И его нежный, полный заботы и любви голос, показал Виссариону, что Лаврич доволен развязкой. Очень доволен, только не хочет признаваться.
– Сколько ты обещал Барадьеру?
– Мы с ним рассчитаемся, – твердо ответил букинист. – Это мое дело.
– Хорошо… – Дьяк-меченосец помолчал, но все-таки нашел в себе силы признать: – Ты был прав, Обуза, когда полез не в свое дело и помешал мне совершить ошибку. Я благодарен.
Виссарион застыл в изумлении.
А Лаврич подошел к дивану, бережно поднял девушку на руки, сделал шаг к двери, но остановился, усмехнулся и кивнул на стену:
– Забери «Подснежники», Обуза, это единственная картина, которую он написал. Пусть она будет у тебя.
– Э-э…
– Насчет документов не волнуйся: я распоряжусь, чтобы все оформили, и ты будешь считаться добросовестным покупателем. – Дьяк выдержал паузу: – Считай это моим подарком.
– Спасибо.
Лаврич ушел.
* * *
А на следующий день Виссарион явился к Раннему Автобусу первым. Самым первым. И встретил его не на шоссе, вдоль которого Валера собирал пассажиров, а на «конечной», в укромном месте позади автостанции, между глухой стеной большого магазина и забором депо. В нужный час тупичок заволокло густым серым туманом, а когда он рассеялся, Виссарион увидел желтый автобус без номера. И лысого водителя с золотым зубом, который охотно распахнул двери первому пассажиру.
– Доброе утро.
– Привет. – Обуза подошел к стеклянной стенке и остановился, положив руки на высокий поручень.

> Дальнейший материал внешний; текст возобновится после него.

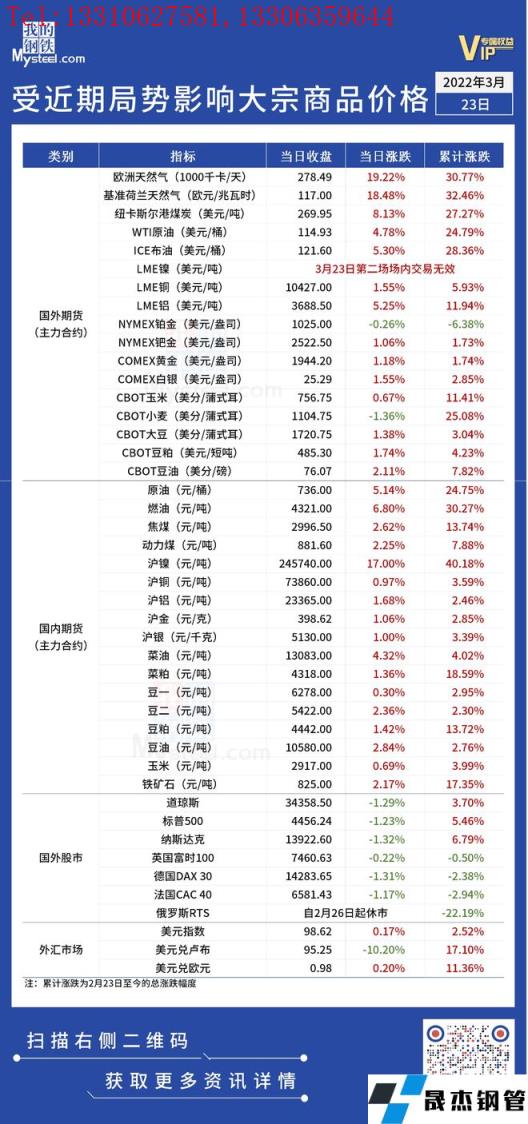 免責聲明:本網站(山東聊城晟杰無縫鋼管廠www.nfboat.cn)刊載的“受近期局勢影響大宗商品價格一覽表(3月23日)”等均源于網絡,版權歸原作者所有,且僅代表原作者觀點,本文所載信息僅供參考。轉載僅為學習與交流之目的,如無意中侵犯您的合法權益,請及時聯系刪除。本網站刊登此篇文章并不意味著本站贊同其觀點或證實其內容的真實性,我們不對其科學性、嚴肅性等作任何形式的保證。如果侵犯了您的版權,請盡快聯系我們予以撤銷,謝謝合作!

– Ты сегодня не на своем месте, – заметил водитель.
– Хочу поговорить.
– Я так и понял. – Валера медленно вывел автобус на пустынную улицу районного центра. – Слышал, ты прикончил Бергера?
– Не я, а Барадьер.
– Все знают, что ты. Барадьер – наемник.
– Значит, я, – согласился Обуза. – И ни о чем не жалею.
– Вот и хорошо.
Мужчины помолчали.
Старый автобус поскрипывал, позвякивал, иногда даже покашливал, но довольно резво бежал по дороге и вскоре должен был добраться до первой остановки, а Виссарион все мялся, не решаясь задать вопрос, ради которого приехал в дальний тупичок и полчаса дожидался появления Раннего Автобуса.

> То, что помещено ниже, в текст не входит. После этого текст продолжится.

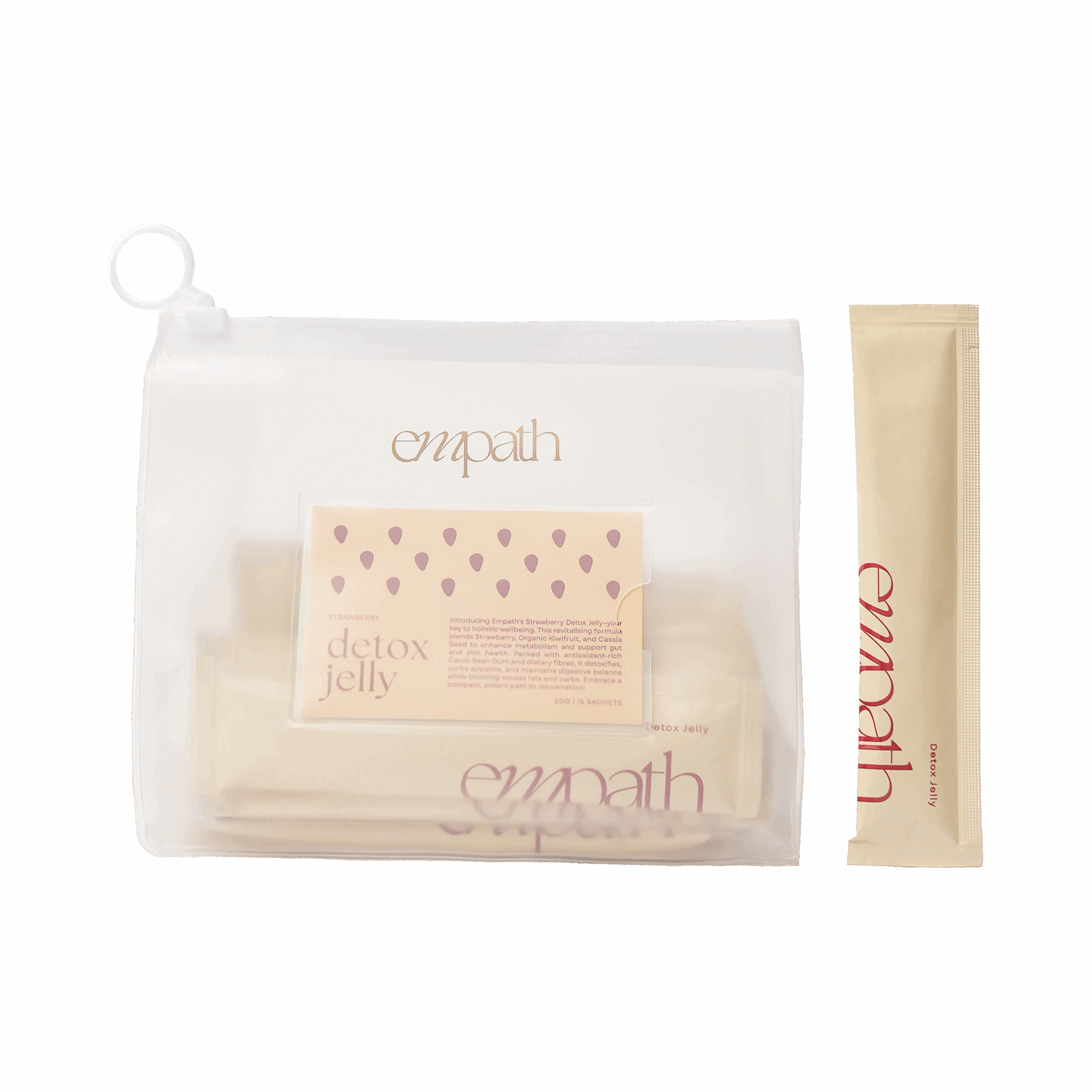Introducing Empath’s Detox Jelly—your compact companion for holistic well-being and vitality. This revolutionary blend combines the rejuvenating essences of Organic Kiwifruit, Cassia Seed, and Red Grape, offering a powerful detoxifying experience that enhances metabolism and nurtures gut and skin health. Infused with antioxidant-rich Carob Bean Gum and dietary fibers, it fights toxins, reduces hunger, and maintains optimal digestive balance, all while blocking excessive fats and carbs with Cassia and Agar. Discover rejuvenation with this compact and potent detoxifying wonder!

И Валера пришел букинисту на помощь.
– Бергер не просил остановиться, – произнес он, бросив на Обузу взгляд через зеркало заднего вида. – Я подобрал девчонку по своему желанию.
– Я так и думал! – с облегчением выдохнул Виссарион.
– Почему?
– Ты слишком быстро ездишь, – объяснил букинист. – Бергер не успел бы среагировать и попросить тебя остановиться.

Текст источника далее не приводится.